# Moving humminbird ???



## WalleyeMike23 (Dec 9, 2009)

I have a humminbird 958 at the bow now with the transducer mounted to the terovva. What I would like to do is be able to move it back and forth from bow to transom. What would I need to accomplish this???

Sent from my SM-N900T using Ohub Campfire mobile app


----------



## papaperch (Apr 12, 2004)

Another Gimbal Mount , another power cord , a transducer switch and another Cable to route GPS to both positions. Probably all parts needed going to run you 150-175 neighborhood.


----------



## elkhtr (Oct 23, 2006)

UNLESS, you want to run it with a separate transducer, which mounts to the transom, so you can use it at higher speeds without the trolling motor in the water. Then you would also need another transducer to mount on the transom as well (along with the items noted by papaperch).


----------



## WalleyeMike23 (Dec 9, 2009)

Thanks guys. Where would be the best place to get these things at??

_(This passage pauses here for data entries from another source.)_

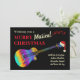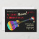 Traga alguns aplausos festivos de guitarra para a estação de natal com esta divertida carta de natal legal de natal. Uma mão engraçada desenhou uma guitarra semisacústica elétrica, psicodélica e colorida, vestindo um chapéu de Papai Noel com notas musicais e roteiro de tipografia, fácil de personalizar com a modelo. Ideal para famílias que amam a música para enviar cumprimentos de época e para guitarristas, professores de música e músicos. Arte original de Catherine Sweetman
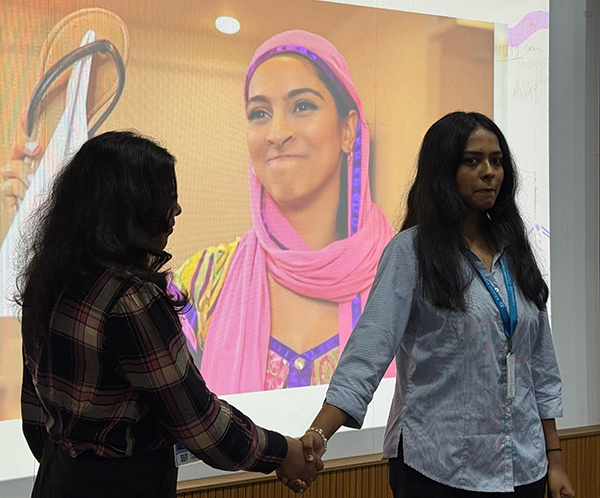 The next challenge was to solve a puzzle displayed for them on the screen. Participants were also encouraged to guess the words associated with that puzzle. This was followed by another game in which students had to extract as many smaller words as possible from a bigger word that was cued on the screen.
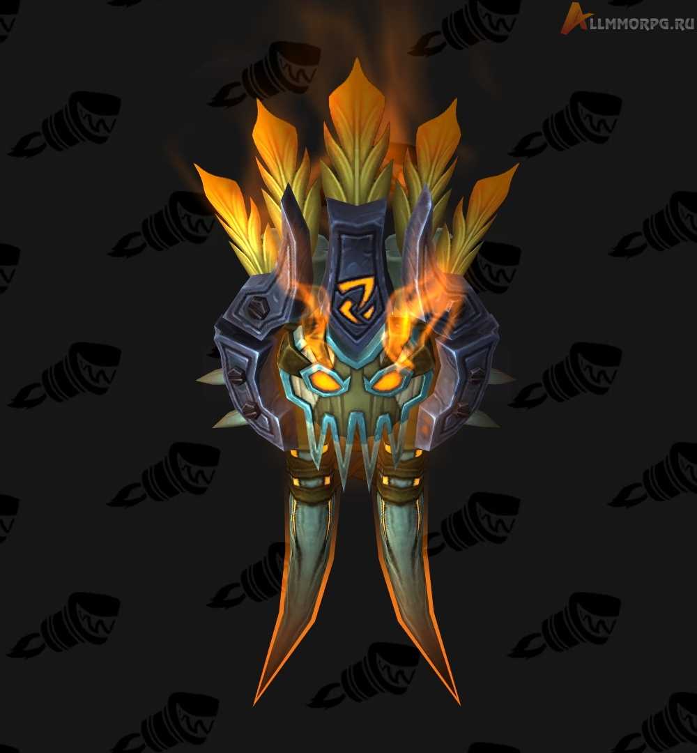 - При убийстве босса, призываемого в ходе Ритуала Рока, можно получить Пылающее сокровище Саргераса.
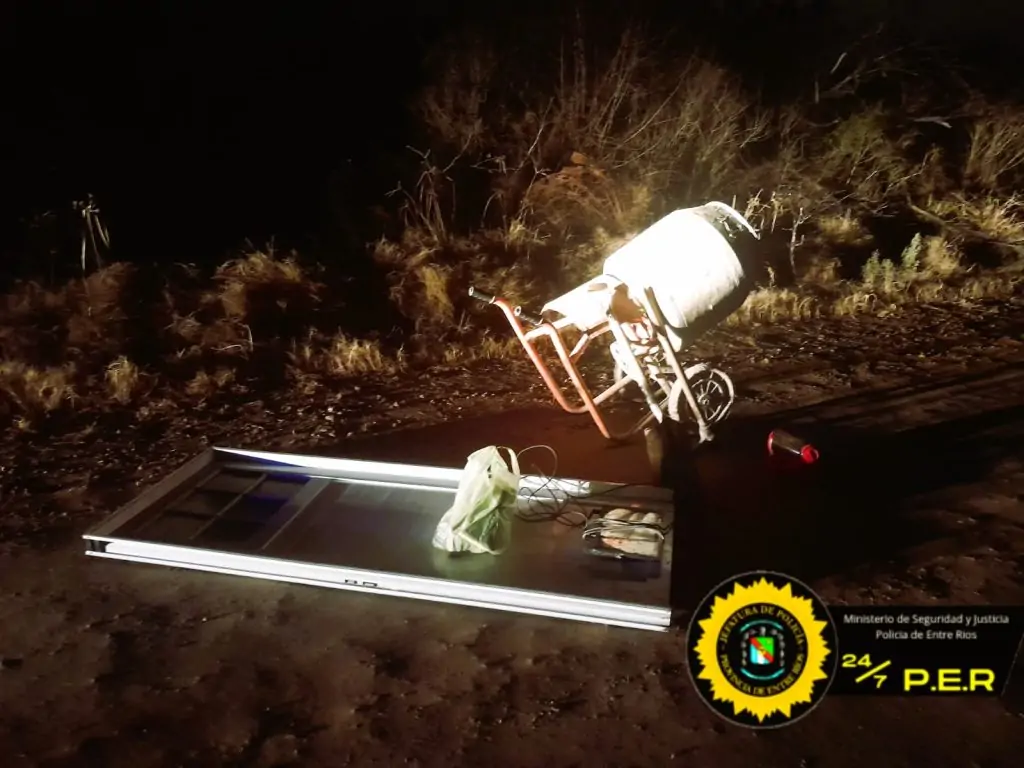 Anoche, aproximadamente a las 23:30 horas, en el marco de operativos de prevención dispuestos en el loteo «Las Quintas» ubicado detrás de las termas de Concepción del Uruguay, divisando en la intersección de calle pública y Río Mocoreta a tres individuos transportando varios objetos, quienes al percatarse de la presencia policial abandonaron los elementos en el lugar y huyeron hacia el monte, perdiéndose de vista.
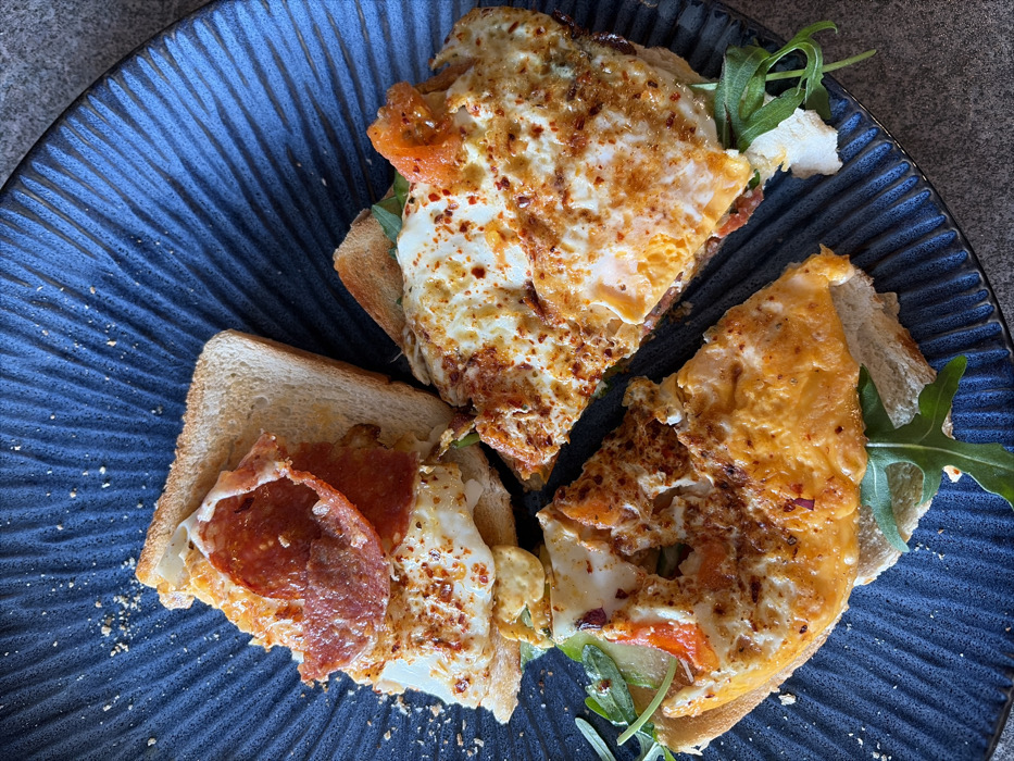 An overhead close-up view displays a meal served on a dark blue, radially ribbed ceramic plate. Three irregular pieces of toasted bread, each topped with pan-fried eggs, are centrally arranged on the plate. The eggs are speckled with red chili flakes. The top-left toast piece features multiple slices of pepperoni atop its egg. The bottom toast piece includes what appears to be melted cheese and red bell pepper pieces with the egg, resting on a bed of green arugula leaves. The middle-right toast piece also has red bell pepper visible on its egg. The plate rests on a light grey, untextured surface. No individuals, hands, or utensils are visible in the scene. The depicted location is the city of New Forest, United Kingdom.
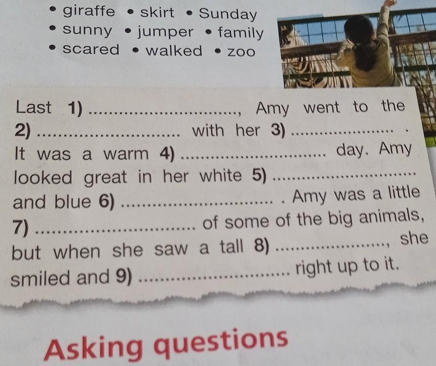 Last 1)....... 2) ......... It was a warm 4)........... looked great in her white 5) and blue 6)... 7)......... but when she saw smiled and 9)...... Amy went to the with her 3)....... day. Amy Amy was a little of some of the big animals, a tall 8) she ....... right up to it.
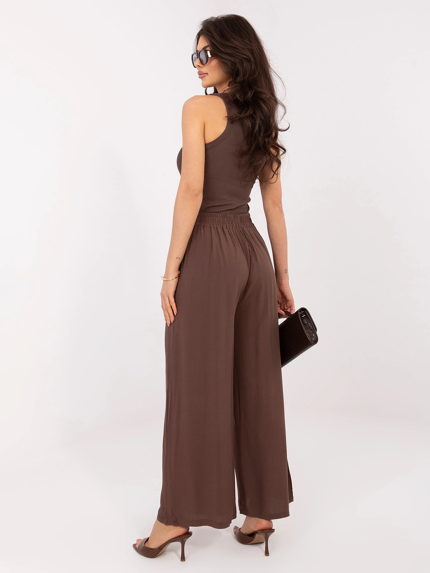 Modelka má na sobě velikost S/M.Míry modelky:výška 173 cm, poprsí 85 cm, pas 62 cm, boky 95 cm.
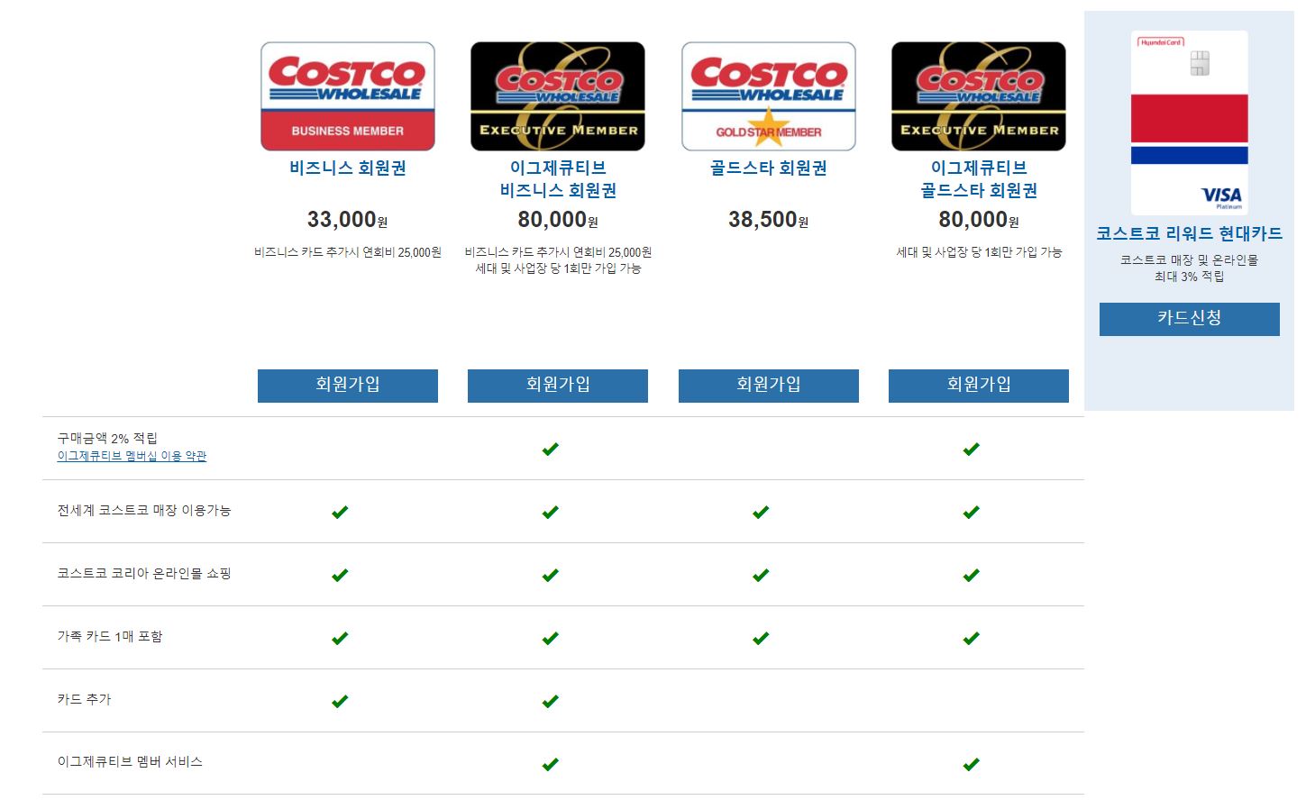코스트코 연회비 및 가입비 안내
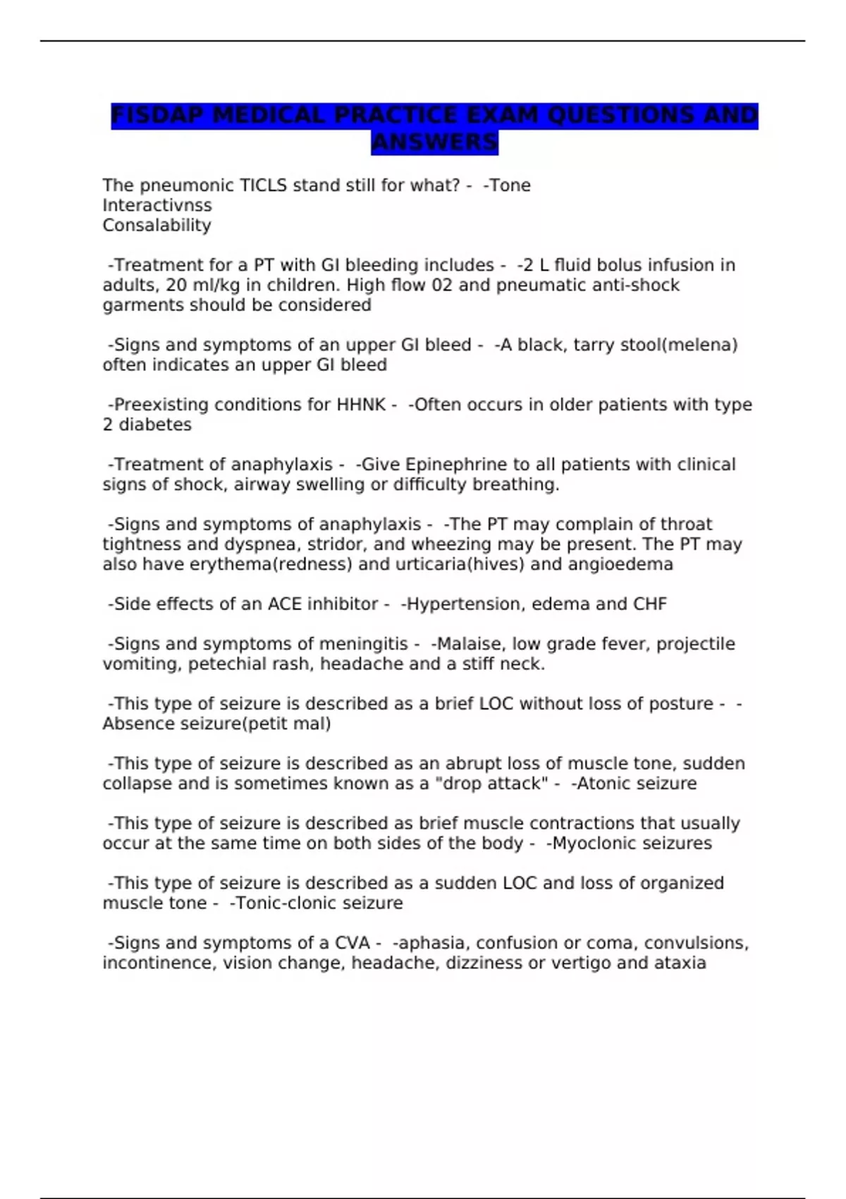 FISDAP MEDICAL PRACTICE EXAM QUESTIONS AND ANSWERS
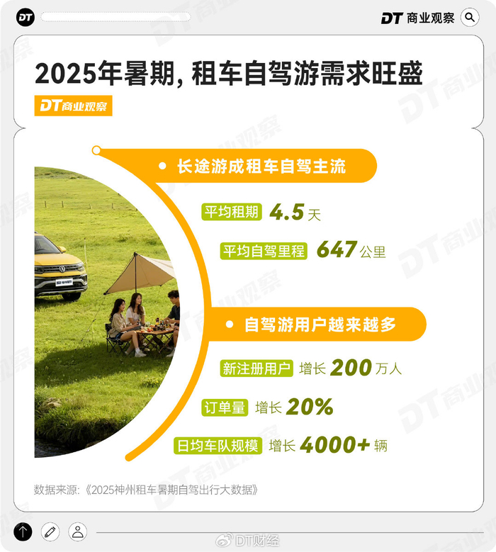 神州租车数据显示,2025年暑期租车订单量创历史新高,同比上涨超20%,仅新注册用户就增加200万人,车队规模新增4000多辆,以应对激增的需求。
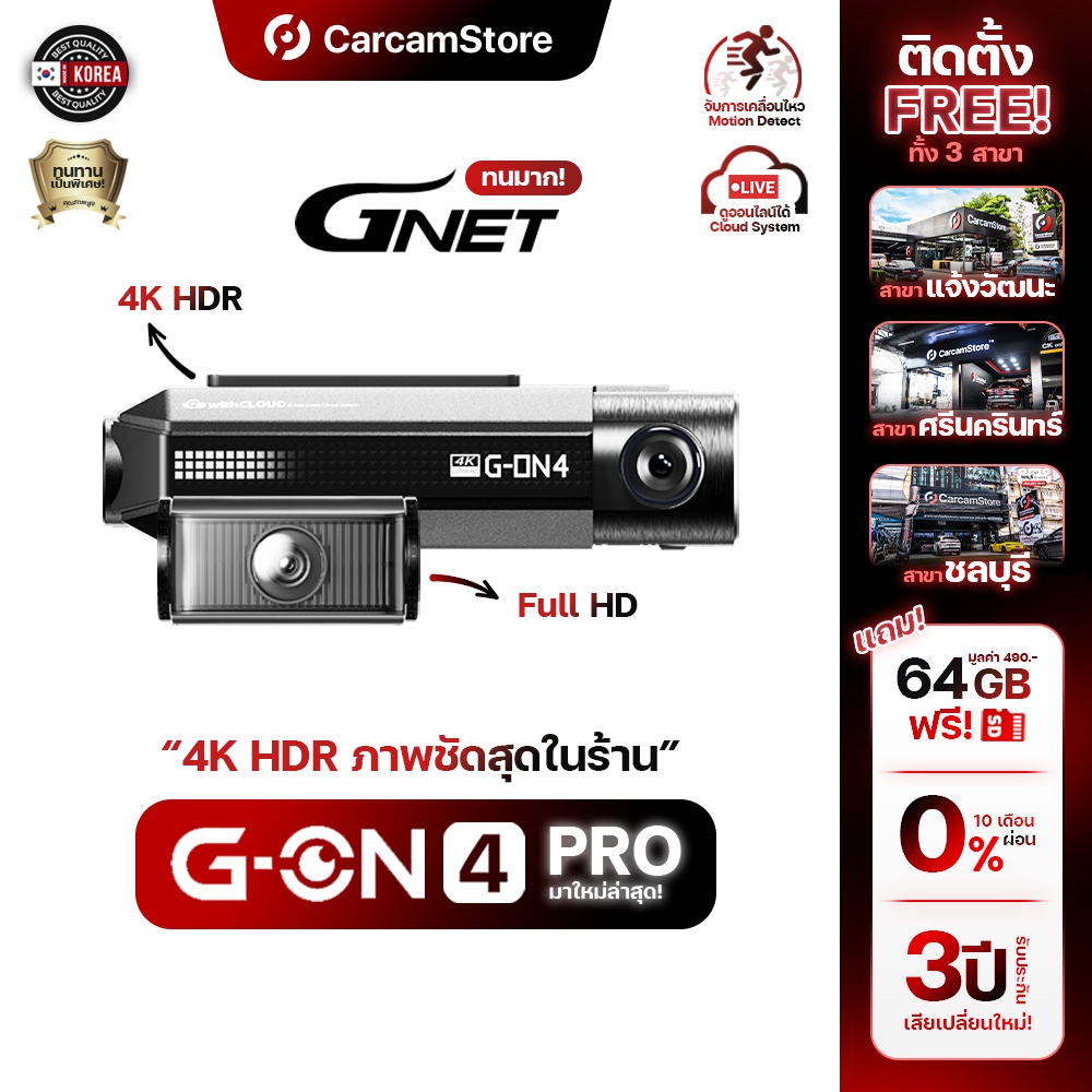 [ผ่อน 0% ได้][ภาพชัดมาก 4K HDR+] - กล้องบันทึกหน้าหลัง GNET G-ON4 PRO ใหม่! คุณภาพสูงจากเกาหลี บันทึกขณะจอด

Sent from my SM-N900T using Ohub Campfire mobile app


----------



## papaperch (Apr 12, 2004)

I probably got everything you need. Find a price you can live with on line somewhere. I will do my best to at least match that. Due to my upgrading all the time I always have extra parts on hand. Look up Berlin Center on google. should be about 50 minutes from you I think.


----------